I
Ter voorkoming van beschadigingen, de aftakas alleen bij laag toerental van
de trekkermotor behoedzaam inschakelen!
Na het afkoppelen van de centrifugaalstrooier de koppelingsas as in de opvanghaken (fig.
5.1/4 of 5.2/4) leggen.
5.1.2
Uitwijkbare centrale aandrijfkast
Ter voorkoming van beschadiging (bij de eerste montage) (bijv. door niet correct aangepaste
lengte van de koppelingsas) is de strooier uitgerust met een uitwijkbare centrale aandrijfkast
(Fig. 5.6/1).
5.2
Hydraulische gescheiden bediening van de schuiven
I
Ter voorkoming van beschadigingen aan de strooier mag de druk in het
hydraulische systeem van de trekker niet hoger zijn dan 230 bar.

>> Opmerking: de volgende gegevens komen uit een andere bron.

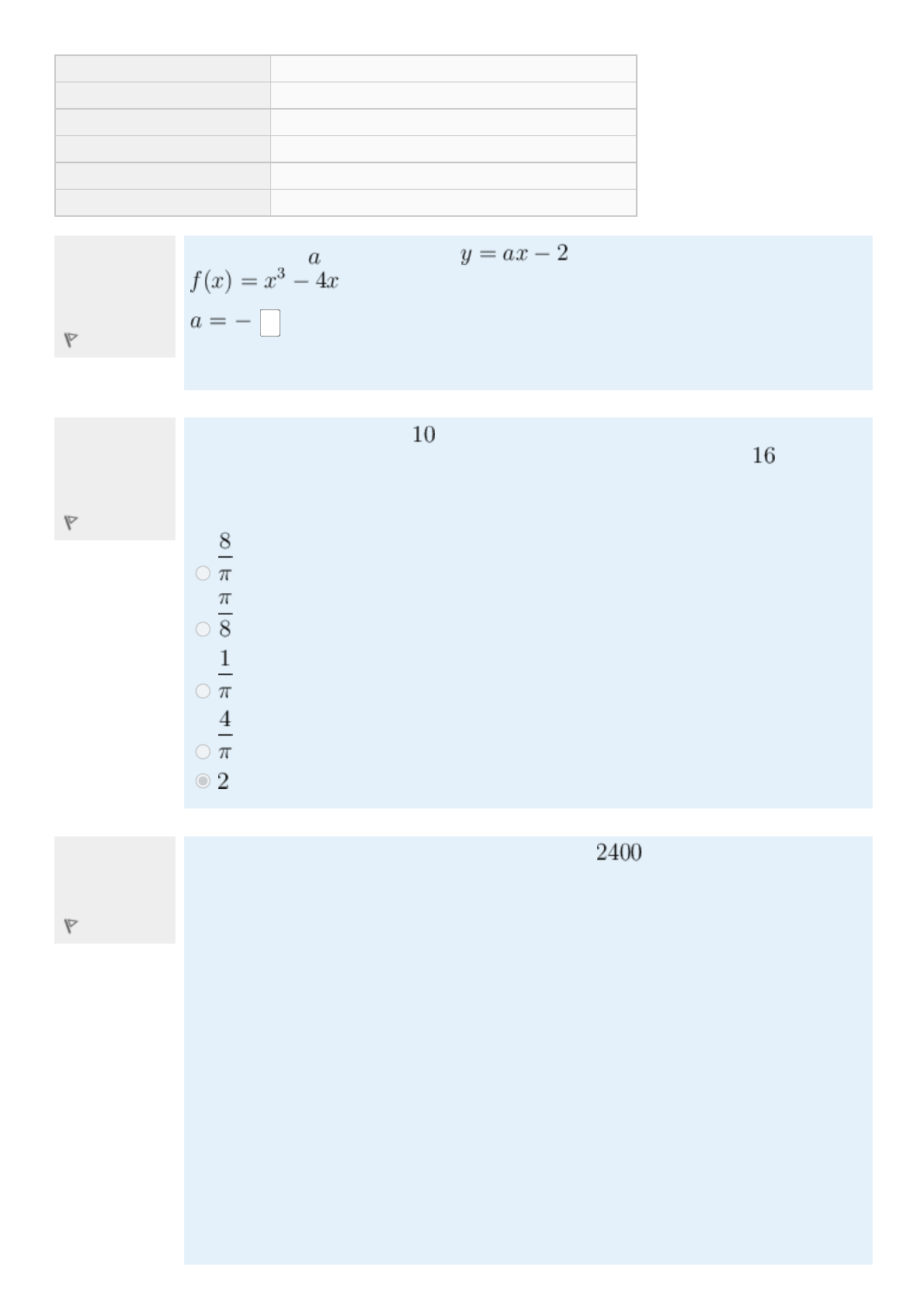 26/06/2020 Q3-2 - Questionário desafio (não avaliativo) https://ava.ead.ufscar.br/mod/quiz/review.php?attempt=196762&showall=1 1/4 Questão 1 Completo Atingiu 1,00 de 1,00 Marcar questão Questão 2 Completo Atingiu 0,00 de 1,00 Marcar questão Questão 3 Não respondido Vale 1,00 ponto(s). Marcar questão Iniciado em sexta, 26 junho 2020, 18:37 Estado Finalizadas Completado em sexta, 26 junho 2020, 18:39 Tempo empregado 1 minuto 26 segundos Notas 5,00/8,00 Avaliar 62,50 de um máximo de 100,00 Qual é o valor de em que torna a reta seja tangente ao gráfico de ? 1 ATENÇÃO: preencha as caixas de respostas com um número inteiro. Uma roda-gigante com raio de m está girando a uma taxa de uma revolução a cada dois minutos. Quão rápido um passageiro estará subindo quando seu assento estiver m acima do nível do solo? Escolha uma: m/rad m/rad m/rad m/rad m/rad m/rad A fábrica de parafusos "Girando São Carlos" gostaria com centímetros quadrados de folhas de madeira, construir uma caixa com tampa para alocar os parafusos de sua fabricação. A base precisa ser retangular com um lado sendo o dobro do outro. Para alocar o máximo possível de parafusos, a fábrica gostaria que a caixa tivesse o volume máximo. https://ava.ead.ufscar.br/filter/tex/displaytex.php?texexp=a https://ava.ead.ufscar.br/filter/tex/displaytex.php?texexp=y%3Dax-2 https://ava.ead.ufscar.br/filter/tex/displaytex.php?texexp=f%28x%29%3Dx%5E3-4x https://ava.ead.ufscar.br/filter/tex/displaytex.php?texexp=a%3D- https://ava.ead.ufscar.br/filter/tex/displaytex.php?texexp=10 https://ava.ead.ufscar.br/filter/tex/displaytex.php?texexp=16 https://ava.ead.ufscar.br/filter/tex/displaytex.php?texexp=%5Cdfrac%7B8%7D%7B%5Cpi%7D https://ava.ead.ufscar.br/filter/tex/displaytex.php?texexp=%5Cdfrac%7B%5Cpi%7D%7B8%7D https://ava.ead.ufscar.br/filter/tex/displaytex.php?texexp=%5Cdfrac%7B1%7D%7B%5Cpi%7D https://ava.ead.ufscar.br/filter/tex/displaytex.php?texexp=%5Cdfrac%7B4%7D%7B%5Cpi%7D https://ava.ead.ufscar.br/filter/tex/displaytex.php?texexp=2 https://ava.ead.ufscar.br/filter/tex/displaytex.php?texexp=2400 26/06/2020 Q3-2 - Questionário desafio (não avaliativo) https://ava.ead.ufscar.br/mod/quiz/review.php?attempt=196762&showall=1 2/4 Questão 4 Completo Atingiu 0,00 de 1,00 Marcar questão Figura: caixa sem tampa. Baseado no problema da "Girando São Carlos", (a) Usando que , a relação obtida entre e é dada por . (b) O volume em função de é dada por . (c) A derivada da função em relação em é dada por . (d) As dimensões , e que proporcionam a caixa que maximiza o volume são dadas por , e . ATENÇÃO: Em cada caixa digite como resposta um número inteiro. Quando for uma fração, deve representá-la na forma irredutível. Encontre todos os pontos sobre a curva onde a inclinação da reta tangente é . Escolha uma: e e e e e https://ava.ead.ufscar.br/filter/tex/displaytex.php?texexp=x%3D2y https://ava.ead.ufscar.br/filter/tex/displaytex.php?texexp=y https://ava.ead.ufscar.br/filter/tex/displaytex.php?texexp=z https://ava.ead.ufscar.br/filter/tex/displaytex.php?texexp=y%5E2%2B https://ava.ead.ufscar.br/filter/tex/displaytex.php?texexp=yz%3D1200 https://ava.ead.ufscar.br/filter/tex/displaytex.php?texexp=V%28y%29 https://ava.ead.ufscar.br/filter/tex/displaytex.php?texexp=y https://ava.ead.ufscar.br/filter/tex/displaytex.php?texexp=V%28y%29%3D- https://ava.ead.ufscar.br/filter/tex/displaytex.php?texexp=%5Cleft%20.%5Cright%20%28 https://ava.ead.ufscar.br/filter/tex/displaytex.php?texexp=%2F https://ava.ead.ufscar.br/filter/tex/displaytex.php?texexp=%5Cleft%20.%5Cright%29y%5E2%2B https://ava.ead.ufscar.br/filter/tex/displaytex.php?texexp=y https://ava.ead.ufscar.br/filter/tex/displaytex.php?texexp=V%28y%29 https://ava.ead.ufscar.br/filter/tex/displaytex.php?texexp=y https://ava.ead.ufscar.br/filter/tex/displaytex.php?texexp=V%27%28y%29%3D- https://ava.ead.ufscar.br/filter/tex/displaytex.php?texexp=y%5E2%2B https://ava.ead.ufscar.br/filter/tex/displaytex.php?texexp=x https://ava.ead.ufscar.br/filter/tex/displaytex.php?texexp=y https://ava.ead.ufscar.br/filter/tex/displaytex.php?texexp=z https://ava.ead.ufscar.br/filter/tex/displaytex.php?texexp=x%3D https://ava.ead.ufscar.br/filter/tex/displaytex.php?texexp=%5Csqrt%7B2%7D https://ava.ead.ufscar.br/filter/tex/displaytex.php?texexp=y%3D https://ava.ead.ufscar.br/filter/tex/displaytex.php?texexp=%5Csqrt%7B2%7D https://ava.ead.ufscar.br/filter/tex/displaytex.php?texexp=z%3D https://ava.ead.ufscar.br/filter/tex/displaytex.php?texexp=%5Cleft%20.%5Cright%20%28 https://ava.ead.ufscar.br/filter/tex/displaytex.php?texexp=%5Cdisplaystyle%20%2F https://ava.ead.ufscar.br/filter/tex/displaytex.php?texexp=%5Cleft%20.%5Cright%20%29 https://ava.ead.ufscar.br/filter/tex/displaytex.php?texexp=%5Csqrt%7B2%7D https://ava.ead.ufscar.br/filter/tex/displaytex.php?texexp=x%5E2y%5E2%2Bxy%3D2 https://ava.ead.ufscar.br/filter/tex/displaytex.php?texexp=-1 https://ava.ead.ufscar.br/filter/tex/displaytex.php?texexp=%28-1%2C-1%29 https://ava.ead.ufscar.br/filter/tex/displaytex.php?texexp=%281%2C1%29 https://ava.ead.ufscar.br/filter/tex/displaytex.php?texexp=%28-2%2C-1%29 https://ava.ead.ufscar.br/filter/tex/displaytex.php?texexp=%28-2%2C-%5Cfrac%7B1%7D%7B2%7D%29 https://ava.ead.ufscar.br/filter/tex/displaytex.php?texexp=%281%2C0%29 https://ava.ead.ufscar.br/filter/tex/displaytex.php?texexp=%280%2C1%29 https://ava.ead.ufscar.br/filter/tex/displaytex.php?texexp=%28-1%2C1%29 https://ava.ead.ufscar.br/filter/tex/displaytex.php?texexp=%281%2C-1%29 https://ava.ead.ufscar.br/filter/tex/displaytex.php?texexp=%282%2C-1%29 https://ava.ead.ufscar.br/filter/tex/displaytex.php?texexp=%282%2C-%5Cfrac%7B1%7D%7B2%7D%29 26/06/2020 Q3-2 - Questionário desafio (não avaliativo) https://ava.ead.ufscar.br/mod/quiz/review.php?attempt=196762&showall=1 3/4 Questão 5 Completo Atingiu 1,00 de 1,00 Marcar questão Questão 6 Completo Atingiu 1,00 de 1,00 Marcar questão Questão 7 Completo Atingiu 1,00 de 1,00 Marcar questão A po
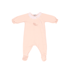 Jolie babygrow pour bébé fille, confectionnée en jersey de coton doux et extensible. Il présente un joli logo imprimé sur la poitrine d'une baleine rose et un délicat col en dentelle.

De hydrauliekslangen worden op twee enkelwerkende stuurventielen van de trekker
aangesloten. Voor het sluiten van de doseerschuiven het stuurventiel op „heffen" en voor
openen op „zakken" zetten. Bij trekkers met slecht een enkelwerkend stuurventiel is
aansluiting van de slangen op een tweewegeenheid (extra uitvoering) mogelijk.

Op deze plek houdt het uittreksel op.